За три дня до Адвента[2] к Торгейру Плешивому подошел человек, закутанный в темный, сработанный из грубого сукна плащ. Широкий разворот плеч и гордый постав спины выдавали в нем военного. Под защищавшим от дождя и ветра одеянием оказалось другое – белое с красным крестом и красным мечом. Ливонское ландмайстерство – с первого взгляда видно. Рыцарь передал поклон от Реймара Гане, которому Торгейр оказывал несколько важных услуг еще до избрания на комтурство. А потом представился, назвавшись братом Генрихом фон Бауштайдом.

– Чем могу служить? – хитро прищурился датчанин, сдувая плотную желтоватую пену с кружки. – По мере моих слабых сил, само собой…

– Брат Реймар помнит тебя, храбрый мореход. Он много раз рассказывал мне о той обстоятельности, с которой ты выполняешь наши маленькие поручения…

«Маленькие? – чуть не полез пятерней в затылок Торгейр. – Ну, если та заварушка, в которой мне пришлось положить лучшего комита[3] и двух проверенных бойцов, маленькое поручение…»

Но вслух он сказал:

– Я горжусь дружбой с защитниками Святой Веры.

По губам рыцаря скользнула презрительная усмешка.

– Брат Реймар не сомневается в этом.

Плешивый ждал, прихлебывая пиво. Показывать любопытство? Да не дождетесь!

– Наше новое предложение сулит немалую выгоду, – вкрадчиво начал брат Генрих. – Конечно, оно будет сопряжено с немалой опасностью… – Крестоносец огляделся по сторонам. – Нет ли здесь лишних ушей? Не лучше ли нам будет поговорить где-нибудь в другом месте?

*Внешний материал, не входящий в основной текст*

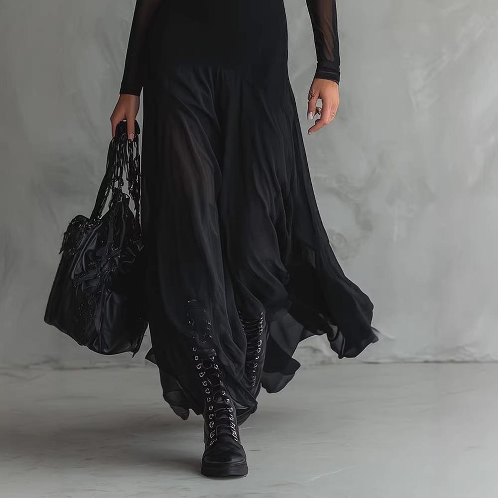 Solid Color, Pleats, Perspective, Mesh Splicing

– К чему? – небрежно бросил Торгейр. – В шумном и людном зале подобраться, чтобы подслушать, труднее, чем в подворотне. Да и холодно там… Просто прикрывайте рот ладонью, брат. Вдруг кто-то из здешних завсегдатаев может читать по губам?

– Хорошо, – кивнул рыцарь. Продолжал, сложив ладони вокруг рта, будто бы хотел выкрикивать слова погромче. – Ты слышал, должно быть, что король Франции, Филипп Красивый, арестовал всю верхушку Ордена бедных рыцарей Иисуса из Храма Соломона[4]?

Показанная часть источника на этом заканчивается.